As the COP26 summit in Glasgow approaches, many eyes across the globe are focusing on climate change. Prior to the summit in November, Bangladesh has claimed that developed countries should compensate poorer countries impacted by climate issues largely caused by pollution.
The calls for this compensation have come from the Bangladeshi Minister for Foreign Affairs, AK Abdul Momen. Speaking to ITV News, the Minister of Foreign Affairs said: “it is fair and just for these bigger countries to pay compensation because they are the ones that abuse the resources and spoil planet Earth”.
It is interesting to explore these claims. While you might argue that all countries are responsible for climate damage, there is solid evidence that suggests smaller countries (such as Bangladesh) are being unfairly impacted by the damage caused to the global climate.
One key piece of evidence is that the impact of climate change on Bangladesh is extremely high in comparison to their yearly emissions.
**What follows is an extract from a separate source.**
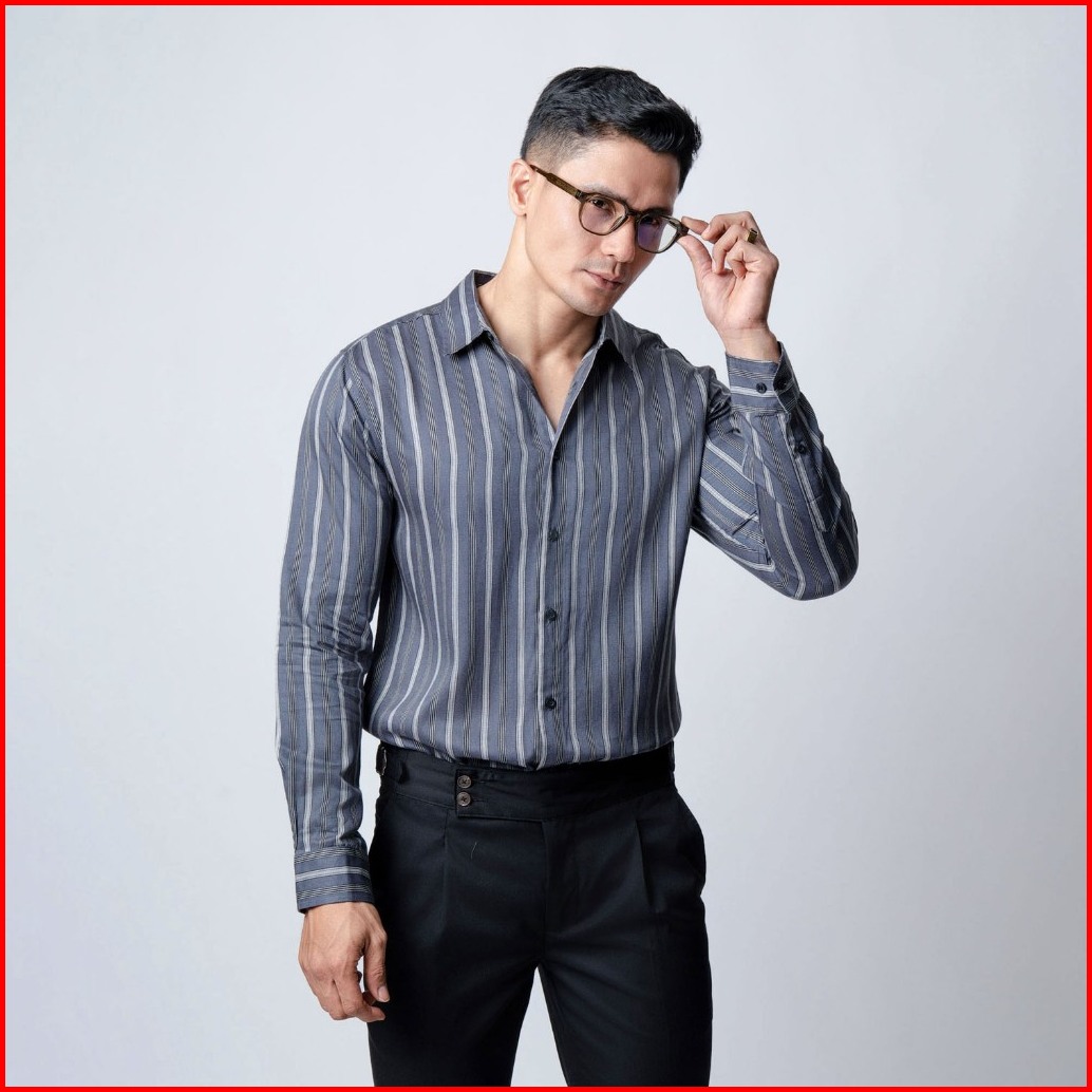 Vengoz Kemeja Pria Slim Fit - Virgo Stripe Shirt Grey Ls

Per year, Bangladesh contributes to 0.4% of global emissions, however, they lose almost 2% of their GDP in tackling climate-caused problems.
Considering their relatively small contribution to global emissions, you can understand why they feel they should be compensated for the damage climate change is having on their country.
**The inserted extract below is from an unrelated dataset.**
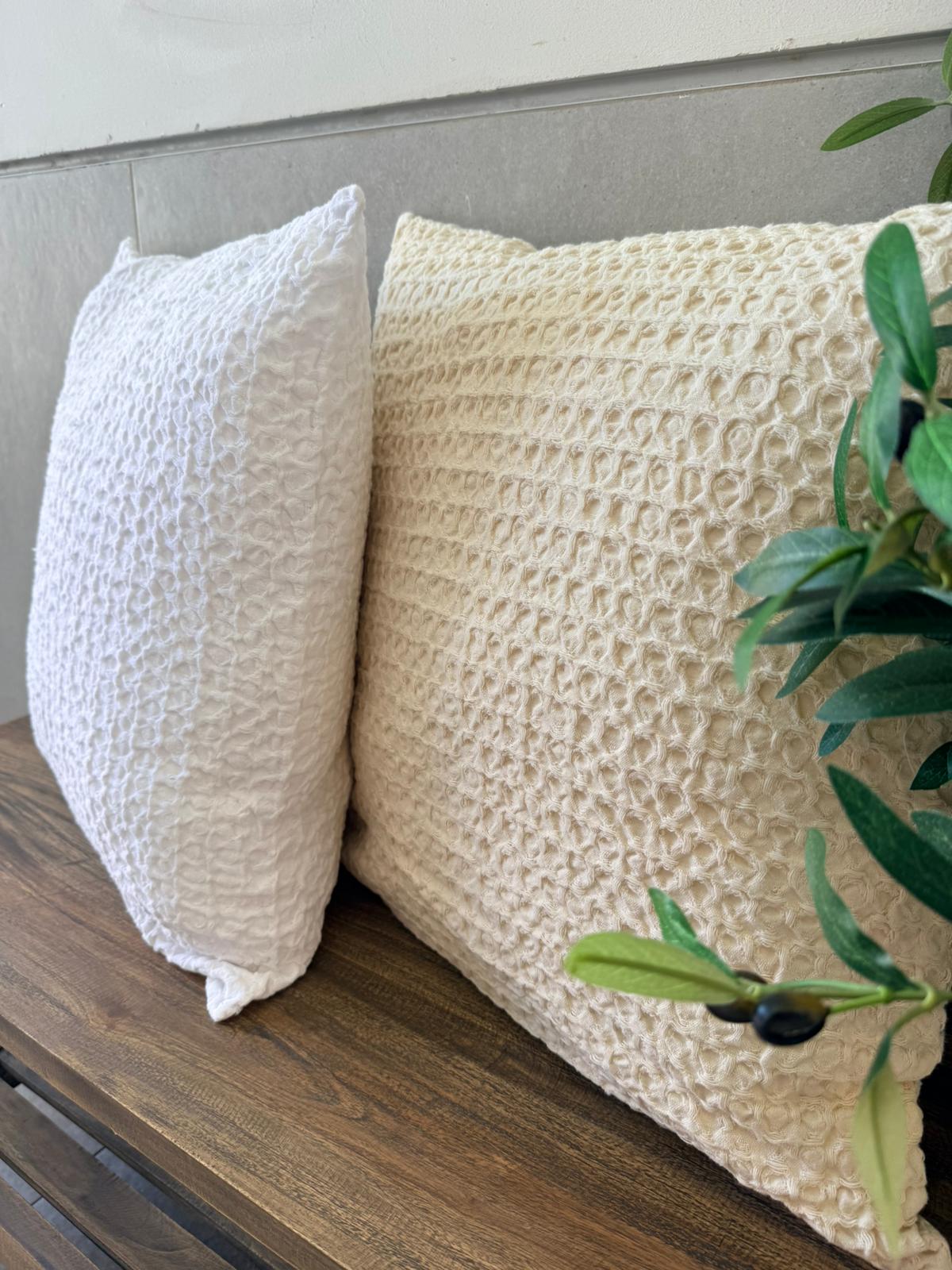 כרית נוי פיקה בצבעים לבן / שמנת לבחירה, כרית מהממת מרובעת

There is definitely a clear imbalance in how much damage larger countries are causing globally compared to smaller countries. From this perspective, some form of compensation to support countries with small carbon footprints who are impacted by climate issues seems fair.
Another key consideration is that science often overlooks smaller, developing countries. While climate reports often account for the entire planet, the majority of research is based primarily on the larger countries.
As a result of this, the issues and needs of developing countries are often lost. The sixth assessment report from the Intergovernmental Panel on Climate Change reflected on global climate issues, however, only 35% of the writers were from developing countries.
There is certainly an evident disparity between the attention paid to the issues of major countries, versus developing ones. I think there should definitely be more work done to rectify this.
In terms of the proposal of climate compensation, I would agree it is a relatively fair idea. Obviously, a discussion would need to be had to determine how this would work, but it is certainly clear that countries with higher emissions are having a large impact on smaller developing countries.